Australian media ownership is amongst the most concentrated in the world with 11 of the 12 major newspapers either owned by Rupert Murdoch’s News Corporation or Fairfax. We had 10 times more regular news papers 100 years ago when our population was less than 6 million people.

One month before Kevid Rudd won the 2007 election he flew to New York to meet Rupert Murdoch for undisclosed reasons which resulted in rather favourable treatment from News Corps papers at a crucial time. Much the same thing happened just prior to the Whitlam government being elected, but turned sour as soon as there was an attempt to regulate media ownership.
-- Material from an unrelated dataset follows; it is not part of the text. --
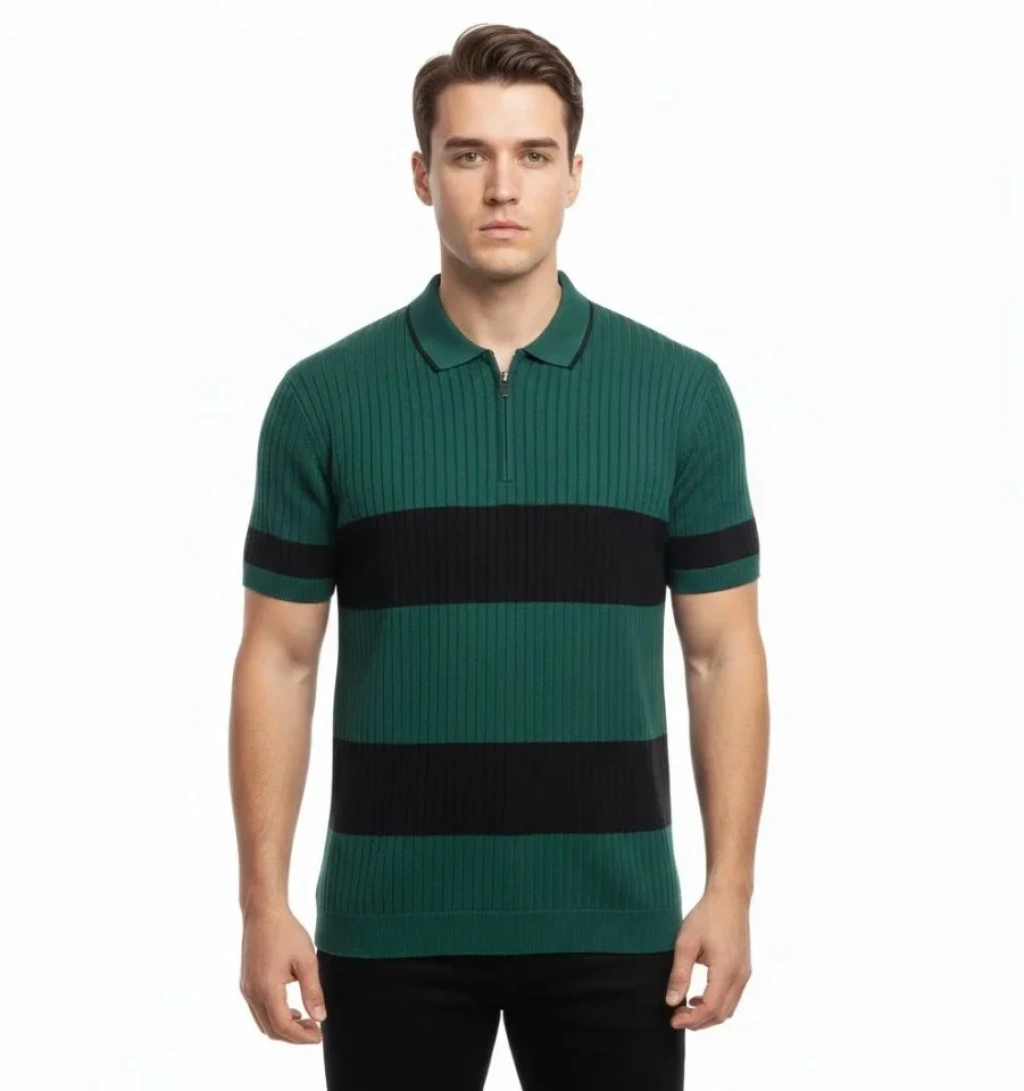 Erkek T-shirt Çizgili Triko Dokuma Kumaş Polo Yaka Yarım Fermuarlı Regular Kalıp Tişört - Çağla Yeşili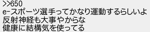 653: (兵庫県) [] 2021/02/22(月) 14:41:30 ID:W7zqk7ti >>650 e-スポーツ選手ってかなり運動するらしいよ 反射神経も大事やからな 健康に結構気を使ってる http://egg.5ch.net/test/read.cgi/develop/1613304613/653

For the last 30 years there has been no government policy aimed at giving Australians a better choice in media sources or at breaking up the monopoly of Fairfax/Newscorp. These companies weild such power now that if any government were to even hint at legislation, their papers would tirelessly tarnish the government and could no doubt massively sway the population against a government.

As citizens we expect the media to attempt to report the truth and to provide us with a good balanced mix of opinions and intelligent educated commentary, but instead we get this. Commentary based on ignorance, fear, cruelty and utter stupidity, and it remains the most read ‘political’ blog in the country.

A democracy cannot function without a fair, impartial and aggressively independent media and if we as citizens do not insist on independent media and diverse media ownership we are doing ourselves an injustice.

In Italy today, Silvio Berlusconi (Pictured), the countries Prime Minister owns 60% of all Italian media (TV, Magazine, papers, Radio, Web News). Do we really want to head down this path?

The Australian media is amazingly lazy, the hardly research anything and source 90% of their stories about foreign events from Reuters & Associated press. Having a real journalist on the ground actually researching and reporting is apparently too costly for these multi billion dollar oligarchs.  When reporting on politics, public health, transport etc they are heavily edited so as not to offend any company (or their interests) that advertises with the station/newspaper. In short they will not tell you the full story, because it may not be in ‘their interest’. A crazy notion, seeings ‘their interest’ should be ours.

So next time you chuck on the TV or open the Herald-Sun/The Age, carefully look at the journalists name, look them up, see their history and always check who owns what you are reading/watching. We need 20 different companies running our media outlets, not 2 or 3, it simply isn’t good enough and its time we insisted on more diversity.